=== Records provided ===
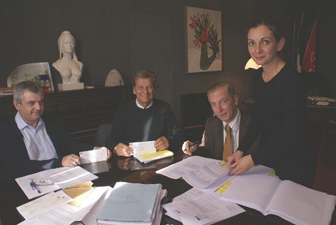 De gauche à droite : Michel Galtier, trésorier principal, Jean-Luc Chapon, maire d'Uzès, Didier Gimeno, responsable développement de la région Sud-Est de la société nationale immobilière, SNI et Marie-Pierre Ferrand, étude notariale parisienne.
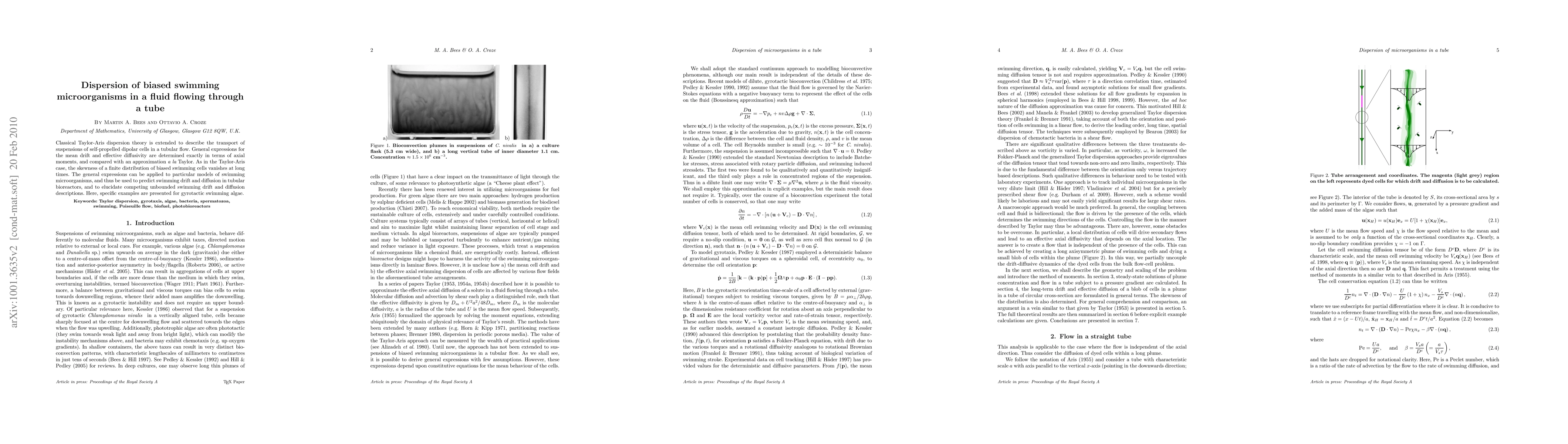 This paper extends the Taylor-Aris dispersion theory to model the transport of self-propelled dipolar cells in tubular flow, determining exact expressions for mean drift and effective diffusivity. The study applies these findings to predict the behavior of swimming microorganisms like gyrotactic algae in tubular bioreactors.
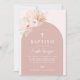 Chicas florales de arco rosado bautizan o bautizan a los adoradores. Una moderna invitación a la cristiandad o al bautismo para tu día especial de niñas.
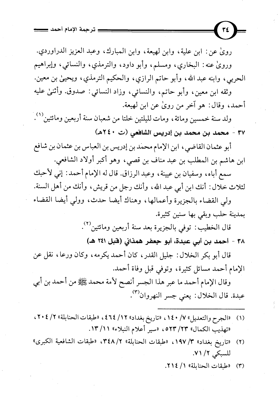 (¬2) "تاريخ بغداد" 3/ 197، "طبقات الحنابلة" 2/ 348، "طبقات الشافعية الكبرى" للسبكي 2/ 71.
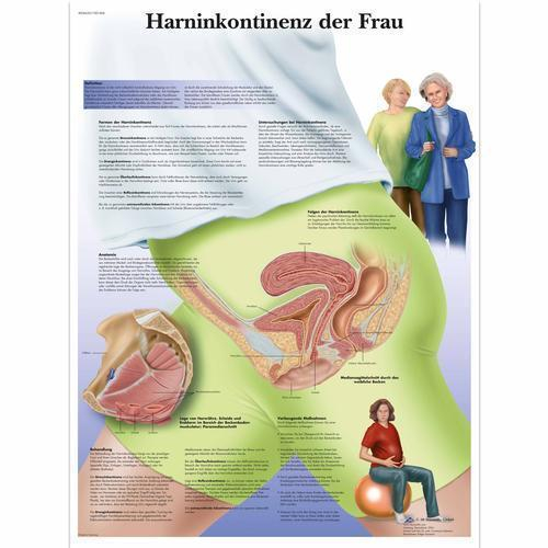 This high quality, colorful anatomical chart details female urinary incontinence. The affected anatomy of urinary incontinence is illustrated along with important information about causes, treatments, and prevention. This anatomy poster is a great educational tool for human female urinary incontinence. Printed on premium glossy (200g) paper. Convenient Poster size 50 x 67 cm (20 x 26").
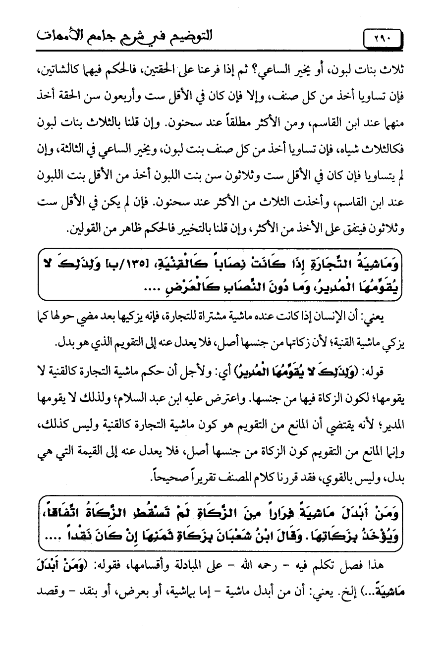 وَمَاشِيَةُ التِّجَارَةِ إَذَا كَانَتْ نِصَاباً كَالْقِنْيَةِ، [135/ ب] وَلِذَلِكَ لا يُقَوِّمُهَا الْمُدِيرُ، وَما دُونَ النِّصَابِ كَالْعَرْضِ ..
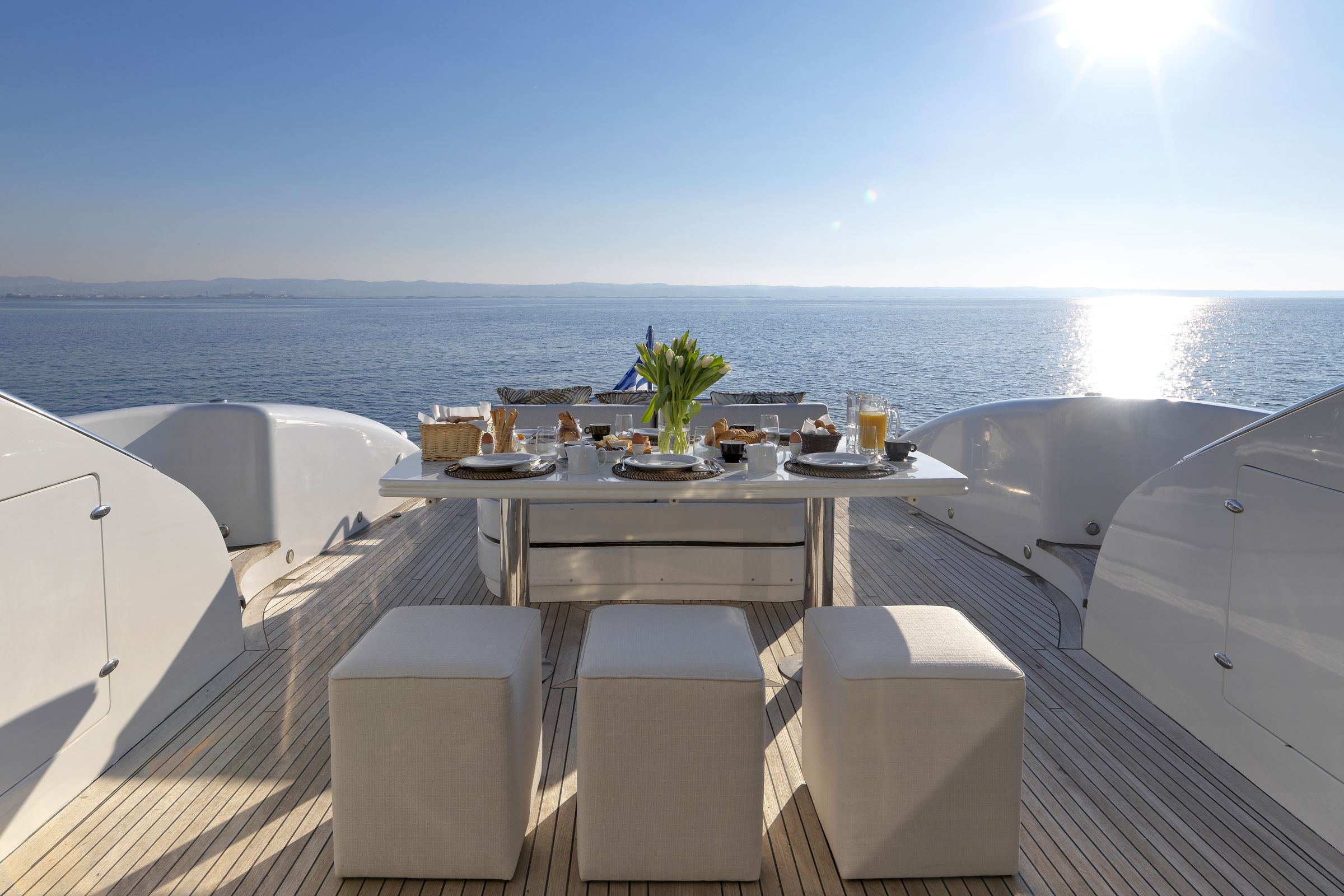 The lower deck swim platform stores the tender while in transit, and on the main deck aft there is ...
===
What the task asks
Print every line above once more, exactly. Omit the pictures.

Task solution
 De gauche à droite : Michel Galtier, trésorier principal, Jean-Luc Chapon, maire d'Uzès, Didier Gimeno, responsable développement de la région Sud-Est de la société nationale immobilière, SNI et Marie-Pierre Ferrand, étude notariale parisienne.
 This paper extends the Taylor-Aris dispersion theory to model the transport of self-propelled dipolar cells in tubular flow, determining exact expressions for mean drift and effective diffusivity. The study applies these findings to predict the behavior of swimming microorganisms like gyrotactic algae in tubular bioreactors.
 Chicas florales de arco rosado bautizan o bautizan a los adoradores. Una moderna invitación a la cristiandad o al bautismo para tu día especial de niñas.
 (¬2) "تاريخ بغداد" 3/ 197، "طبقات الحنابلة" 2/ 348، "طبقات الشافعية الكبرى" للسبكي 2/ 71.
 This high quality, colorful anatomical chart details female urinary incontinence. The affected anatomy of urinary incontinence is illustrated along with important information about causes, treatments, and prevention. This anatomy poster is a great educational tool for human female urinary incontinence. Printed on premium glossy (200g) paper. Convenient Poster size 50 x 67 cm (20 x 26").
 وَمَاشِيَةُ التِّجَارَةِ إَذَا كَانَتْ نِصَاباً كَالْقِنْيَةِ، [135/ ب] وَلِذَلِكَ لا يُقَوِّمُهَا الْمُدِيرُ، وَما دُونَ النِّصَابِ كَالْعَرْضِ ..
 The lower deck swim platform stores the tender while in transit, and on the main deck aft there is ...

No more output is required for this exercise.